Eight Colorado district attorneys on Thursday released detailed data about their operations in an attempt to be more transparent with the public amid broader criticism of racial disparities in and distrust of the U.S. criminal justice system.
The data offers a look at the operations of Colorado’s prosecutors in unprecedented detail, with researchers tracking 55 different aspects of prosecution, ranging from charging and bond decisions to sentencing to how long cases take to be resolved.
“For too long and too often, the justice system feels like a black box of information,” 18th Judicial District Attorney John Kellner said during a news conference Thursday. “…That changes today.”
The data is presented publicly in online dashboards for each of the eight offices that participated in the research project, which was funded by an $882,000 grant from the Microsoft Justice Reform Institute.
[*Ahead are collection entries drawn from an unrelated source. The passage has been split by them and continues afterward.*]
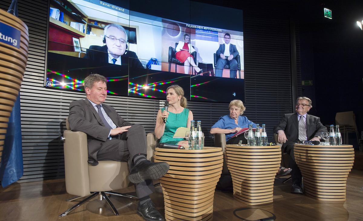„Europa als Wertegemeinschaft ist gefordert“, stellt Andreas Kleine-Kraneburg, Leiter der Akademie der Konrad-Adenauer-Stiftung, angesichts der vielfältigen Herausforderungen in Europa – sei es Flüchtlingskrise, Schuldenkrise, oder drohender Brexit - in seiner Begrüßungsrede fest. Doch besteht überhaupt noch Einigkeit darüber, wofür Europa heute steht? „Wir haben eher zu wenig Europa“, sagt der Vizepräsident des Europäischen Parlaments, der dem Adenauer-Lab direkt aus Straßburg zugeschaltet ist. „Deutschland kann es nicht gut gehen, wenn es Europa schlecht geht“, so Wieland weiter. In der Flüchtlingskrise hätten die europäischen Länder bereits vor einigen Jahren eine gemeinsame Strategie erarbeiten müssen. Stattdessen wäre viel Zeit verschenkt worden. Gergely Pröhle, ehemaliger Botschafter Ungarns in Deutschland und heute stellvertretender Staatssekretär für Internationale und EU-Angelegenheiten im Ministerium für Gesellschaftliche Ressourcen Ungarns, steht der Forderung nach „mehr Europa“ skeptisch gegenüber. Er stört sich daran, dass die EU Ländern per Quote vorschreiben will, wie viele Flüchtlinge aufgenommen werden müssen. „Dieses Quotensystem hat nichts mit Solidarität zu tun“, so Pröhle. Die EU-Staaten sollten vielmehr gemeinsam Lösungen in den Nachbarstaaten der Krisenländer finden und finanzielle Unterstützung leisten. „Das Flüchtlingsthema ist kein europäisches, sondern ein weltweites Thema“, merkt Professor Barbara John an. Europa allein könne die Herausforderungen nicht bewältigen. Was wir brauchen, sei ein vollkommen neues Schutz- und Hilfesystem. Einzelne Länder Europas für ihre Haltung in der Flüchtlingskrise an den Pranger zu stellen, davon hält Barbara John jedoch nichts. „Mit dem Finger auf den Partner zeigen, kann keine Ehe aushalten, auch keine europäische“, so John.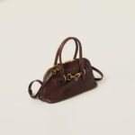 The Aventure top-handle bag, recovered from the Miu Miu archives, has been reinterpreted in terms of a lighter structure and attitude, creating a classic style with timeless charm. The embossed lettering logo completes the design with an iconic note.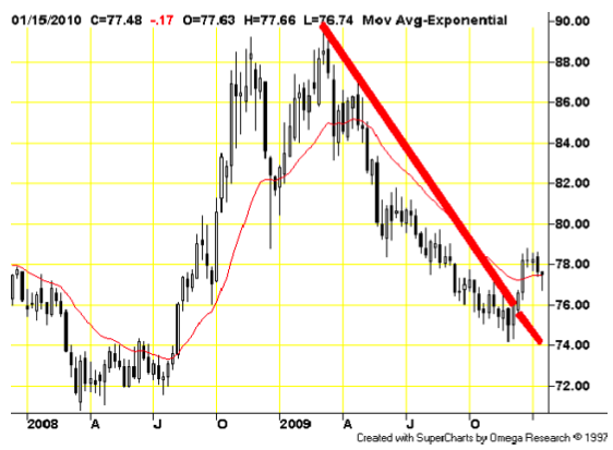 Also… I want to talk about something that I wrote yesterday regarding why the euro was seeing a slide down the slippery slope… I said it was the “German Investor Confidence falling again… but the more I thought about it, and then a reader asked me about it, I knew that the Massachusetts election was playing with fire in the currency markets too… The currency traders were looking the possibility of a Republican victory, which would not be a good thing for the health care bill, and therefore the dollar wouldn’t have to worry about an additional $1.5 Trillion in deficit spending if the health care failed…

The research was carried out by the University of Denver’s Colorado Evaluation and Action Lab and by Prosecutorial Performance Indicators.
Five Front Range district attorneys and three elected prosecutors in other areas of the state participated in the project, including the district attorneys in Denver and Boulder, as well as in Jefferson, Larimer, Arapahoe, Douglas, La Plata, Montrose and Eagle counties, among others.
“We are not offering data for data’s sake,” said Alexis King, the district attorney in Jefferson and Gilpin counties. “We are offering data as a step towards transparency, to promote public trust and really to solve big problems.”
King said she hopes the data will help inform the district attorney’s office of where racial disparities exist within the court process so that the prosecutors can work to remedy those disparities.
“It really came down to me wanting to have a better understanding of what was happening, and really what was happening here,” she said. “Not Denver, not Colorado Springs, but here in Jefferson County.”
The researchers in King’s district found that Black and Hispanic people are more likely than white people to be held in jail before they are convicted of a crime. In 2021, about 31% of white defendants were held in pretrial detention, while 43% of Black defendants and 36% of Hispanic defendants were detained. The data does not yet explore reasons for the disparity.
In an interview last week, King acknowledged the disparity and said the office “has some work to do with implicit bias and bond.” She also noted that researchers found Hispanic defendants were frequently misidentified as white defendants in the collected data, which means Hispanic defendants were likely undercounted and underrepresented in the data.
The pilot effort, which could be expanded statewide, is funded for another year, at which point the prosecutors will need to seek additional funding to keep on collecting and sharing the data.
This is a developing story and will be updated.